第3話嵐の前の休息


 ニューヨークに着いてから立派なホテルの一室に入るまで、自分はとても孤独だった。日本人の彼とは空港で別れ、通訳も明日のならなければ来ないのだ。自分の横には、いかにもというボディーガードと空港で握手をして以来何も言わないドライバーの外国人だけだった。道の横は見たことのある街並みで

「こんなにニューヨークの町をテレビで見ていたんだろうか」と驚いたぐらいだった。そういえば一度ニューヨークの問題も出ていたのを思い出した。やらなかったが「簡単すぎるだろう」と自分でもわかる英語で世界中のゲーマーたちがコメントを書いていた。

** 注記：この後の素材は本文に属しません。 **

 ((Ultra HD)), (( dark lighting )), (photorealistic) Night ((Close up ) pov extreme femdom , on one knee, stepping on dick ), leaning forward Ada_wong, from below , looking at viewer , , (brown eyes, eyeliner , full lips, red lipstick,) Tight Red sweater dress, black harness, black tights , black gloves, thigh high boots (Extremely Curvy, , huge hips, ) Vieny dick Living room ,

そのことを思い出して、ずっと眺めていたせいなのだろうか、彼らは全く自分に話しかけることもなくホテルの前に着いた。


 古くて立派な建物だった。「わあ・・・」という自分の声に二人は満足そうな顔を見せた。

それから、自分が今まで行ったホテルで、いや、これから先もここまでの所には泊まれないだろと思うような、大きな部屋に案内された。


「リラックス」


 今までの彼は何だったのかと思うほど、おどけて、にこやかなオーバーアクションでそう言った。自分はスマホの翻訳機能でこう彼に伝えた。

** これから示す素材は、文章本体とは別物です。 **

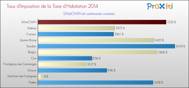 Vous trouverez ci-dessous des graphiques qui vous permettent de situer le taux de la taxe d'habitation de Saléchan par rapport aux communes voisines.

「委員会が開かれるまで、外出するつもりはありません」


それをガードマンと読み彼らも一安心したのだろうか、二人で楽し気にこそこそ話し、ガードマンだけを残して彼は行ってしまった。その間、高層階からの眺めを楽しみ「セントラルパーク」「タイムズスクエア」と分かりやすく説明してくれた。一時間もせずに彼は大きな包みを抱えて戻ってくると、その瞬間から、色々な臭いが部屋に立ち込めた。そして一つずつを取り出した。すべて食べ物だった。


「食べて、食べて」


と英語で二人から面白がって勧められるので、カラフルな大きなカップケーキを一口食べた。すると吐き出したい気分で口から


「あまーい! なんだこれ! 」


と言葉が出た。僕の一連の行動を見て


「ジャパニーズ!! 」


と彼らはツボにはまったように笑っていた。後で聞いたらこれを食べた日本人はみんな同じことを言い、同じような表情をするという。それが見たくてたまらなかったらしい。彼らが普段接しているような政府の要人や、それに近い人間にするわけにはいかなかったから、丁度良かったのだろう。

コミュニケ―ションツールとしては最高の働きをしてくれて、ガードマンもそれこそリラックスした状態だった。そのまま夜を迎え、食事はホテル内、部屋に二つあるベッドルームの小さい方に大きなガードマンは入っていった。

 

 一人でニューヨークの夜景を見ながら、僕は明日着る白いシャツと、濃紺のスーツを身につけた。ネクタイをする仕事ではないので、ここに来ることが決まってから、日本でも何度も練習していた。履歴書と就職活動のために買って、それ以降ほとんど着ることもなかったものだった。部屋の電気はもう落としてしまっていたので、太っていなかったら、光の町に浮かぶスーツ姿は案外格好の良いものだろうが、と自虐的にふっと笑った。

 もしここに自分のお金で来たのならば感動して興奮して、となったのかもしれないが、そうではない自分にはこの光景がスクリーンのような、ジグソーパズルのような、今そこにないもののように感じた。そういえば夜景から町を判断するというのもあった。そのことを思い出した途端、自分は顔を手で覆ってしまった。


「そうだ、明日やらなきゃいけないことは、絶対に知らなければいけないことは一つだ。この濃紺のスーツが、喪服にならなければいいけれど」


摩天楼の中、しわにならないようにスーツを脱いだ。